Depois de anos agarrado ao dinheiro, Wenger decidiu abrir os cordões à bolsa. No ano passado foi Mesut Ozil, desta vez foi aliciar Alexis Sánchez ao Barcelona. Não se fazem omeletes sem ovos e para continuar a competir com colossos como Chelsea, os dois de Manchester e os Bayerns da Europa, o Arsenal não pode assentar exclusivamente em jovens talentos. Como Ozil, o chileno é, mais do que um reforço, uma afirmação. Os Gunners estão dispostos a investir forte para voltarem a ser vencedores.

Abrir os cordões à bolsa

Durante anos, Arséne Wenger foi acusado de ser forreta. O Arsenal simplesmente não gastava dinheiro em grandes contratações, apostando no faro do francês para identificar talentos precoces e moldá-los. Não parece ter havido uma mudança de filosofia, só uma necessidade premente. A falta de troféus dos últimos anos obrigou os Gunners a tomarem uma posição. Há um ano, Wenger conseguiu seduzir Mesut Ozil e trazê-lo para os Emirates. Onze meses depois, é o chileno Alexis Sánchez que é arrebanhado ao Barcelona. Como declaração de intensões, dificilmente o Arsenal poderia ter feito melhor. E o novo reforço, conhecido pela frontalidade e ambição, disse logo ao que vinha. Sanchéz está em Londres para ganhar títulos, em toda e qualquer competição em que os Gunners estejam envolvidos.

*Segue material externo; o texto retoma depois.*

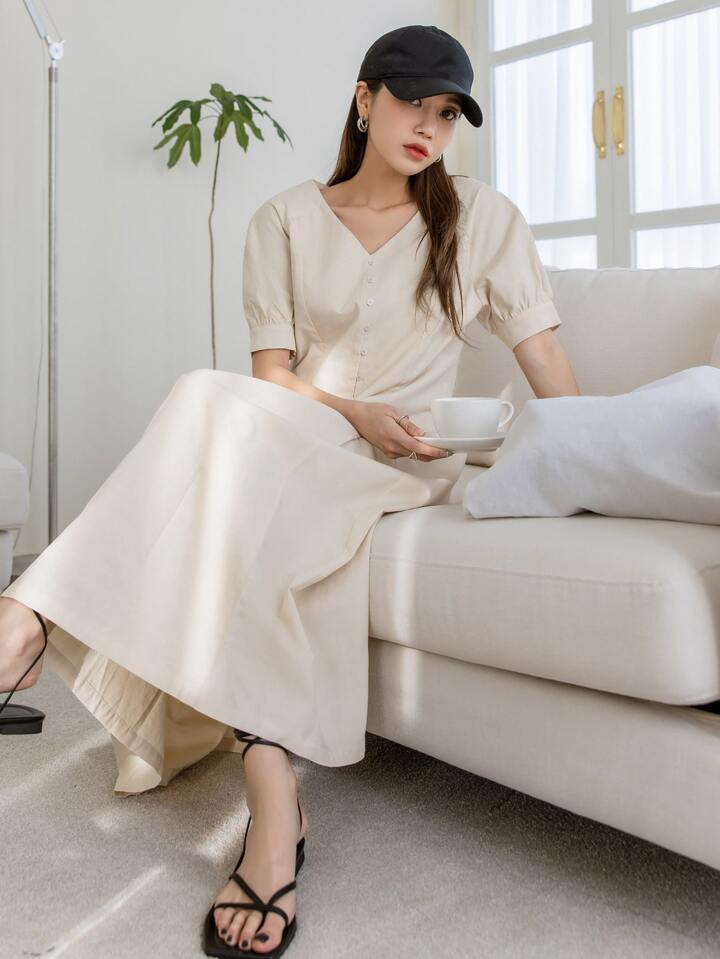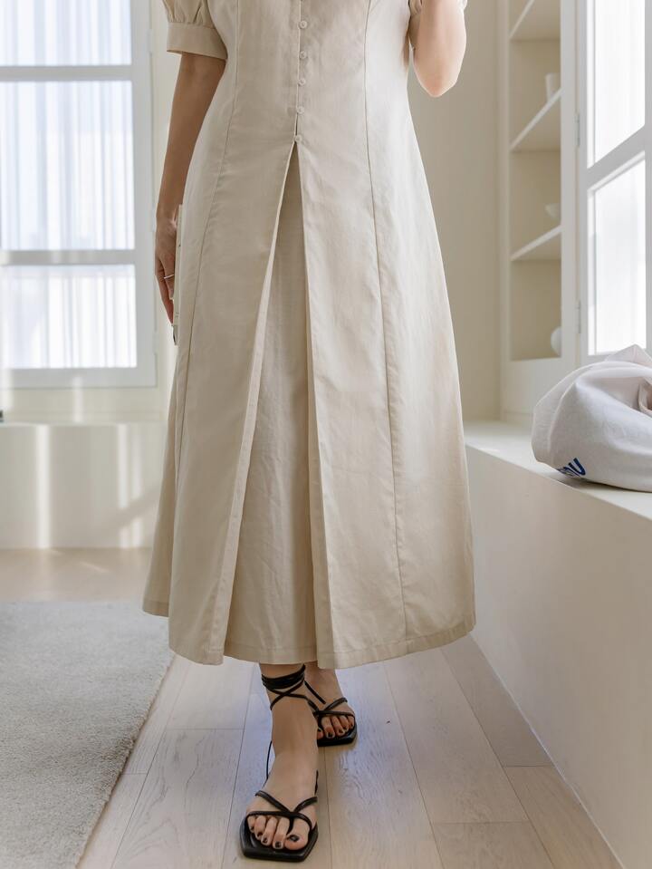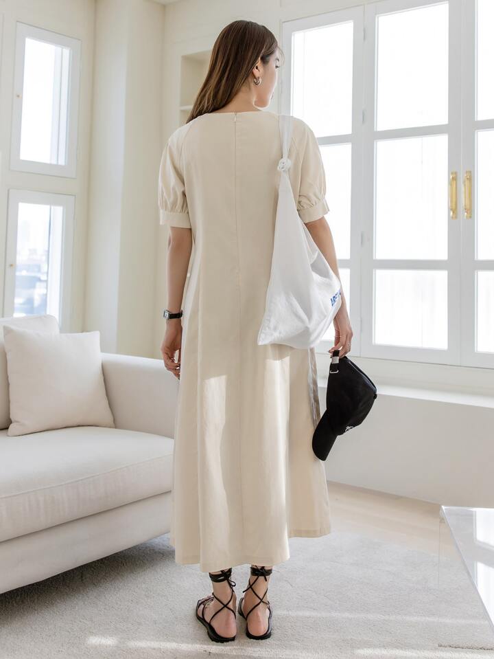 Kleid mit Puffärmeln, Reißverschluss hinten, Falten, Saum

Convém esclarecer que Alexis não é um rejeitado do Barça. O clube blaugrano gostaria de contar com um homem que, sobretudo a partir do banco, marcou dezanove golos. Mas Sánchez quer, e merece, a titularidade numa equipa competitiva e em Barcelona tinha que discutir a posição com um dos meninos queridos da afición catalã, Pedro Rodriguez. O investimento feito pelos culé em Luis Suárez obrigava também o clube a vender algum dos seus ativos e a valorização do chileno, graças à boa prestação no Brasil, veio mesmo a calhar.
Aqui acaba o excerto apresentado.